January 3, 2013 by Lagangang Butas

Valenzuela vs. People G.R. No. 160188. June 21, 2007 Petitioner: Aristotel Valenzuela Respondents: People of the Philippines and Hon. Court of Appeals Ponente: J. Tinga

Image courtesy of Google Images FACTS: While a security guard was manning his post at the open parking area of a supermarket, he saw the accused, Aristotel Valenzuela, hauling a push cart loaded with cases of detergent and unloaded them where his co-accused, Jovy Calderon, was waiting. Valenzuela then returned inside the supermarket, and later emerged with more cartons of detergent. Thereafter, Valenzuela hailed a taxi and started loading the cartons inside. As the taxi was about to leave, the security guard asked Valenzuela for the receipt of the merchandize.
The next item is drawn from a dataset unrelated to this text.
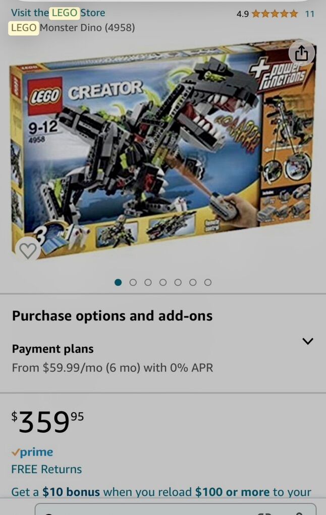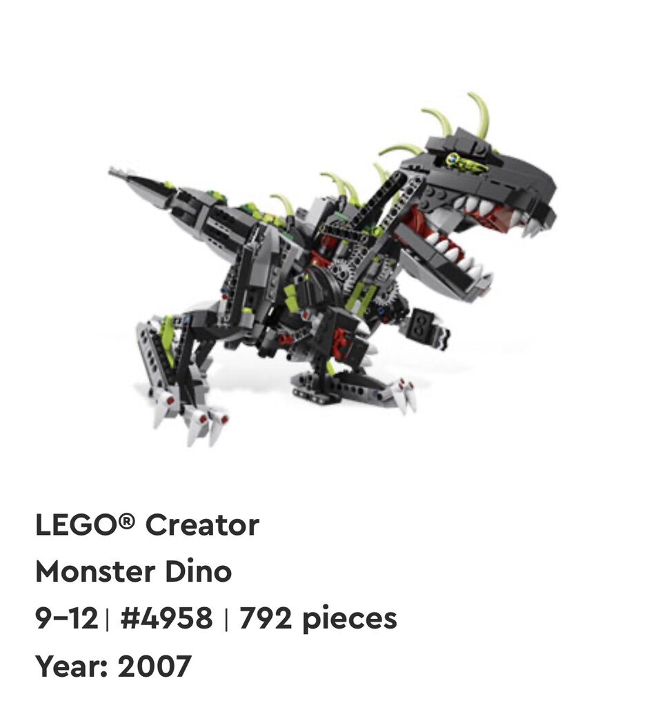 Get ready for a prehistoric adventure with the LEGO CREATOR Monster Dino set (4958). The LEGO Monster Dino set is a complete set with electronic features that make it perfect for imaginative play. Features: This 3-in-1 set allows building a Monster Dino, a walking spider, or a crawling crocodile. It includes Power Functions elements for movement and sound, such as a roaring sound brick, motor, remote control, and receiver. Pieces and Age: The set contains 792 pieces and is recommended for ages 9-12.

The accused reacted by fleeing on foot, but were subsequently apprehended at the scene. The trial court convicted both Valenzuela and Calderon of the crime of consummated theft. Valenzuela appealed before the Court of Appeals, arguing that he should only be convicted of frustrated theft since he was not able to freely dispose of the articles stolen. The Court of Appeals affirmed the trial courts decision, thus the Petition for Review was filed before the Supreme Court. ISSUE: Whether or not the crime of theft has a frustrated stage. HELD: No. Article 6 of the Revised Penal Code provides that a felony is consummated when all the elements necessary for its execution and accomplishment are present. In the crime of theft, the following elements should be present: (1) that there be taking of personal property; (2) that said property belongs to another; (3) that the taking be done with intent to gain; (4) that the taking be done without the consent of the owner; and (5) that the taking be accomplished without the use of violence against or intimidation of persons or force upon things. The Court held that theft is produced when there is deprivation of personal property by one with intent to gain. Thus, it is immaterial that the offender is able or unable to freely dispose the property stolen since he has already committed all the acts of execution and the deprivation from the owner has already ensued from such acts. Therefore, theft cannot have a frustrated stage, and can only be attempted or consummated.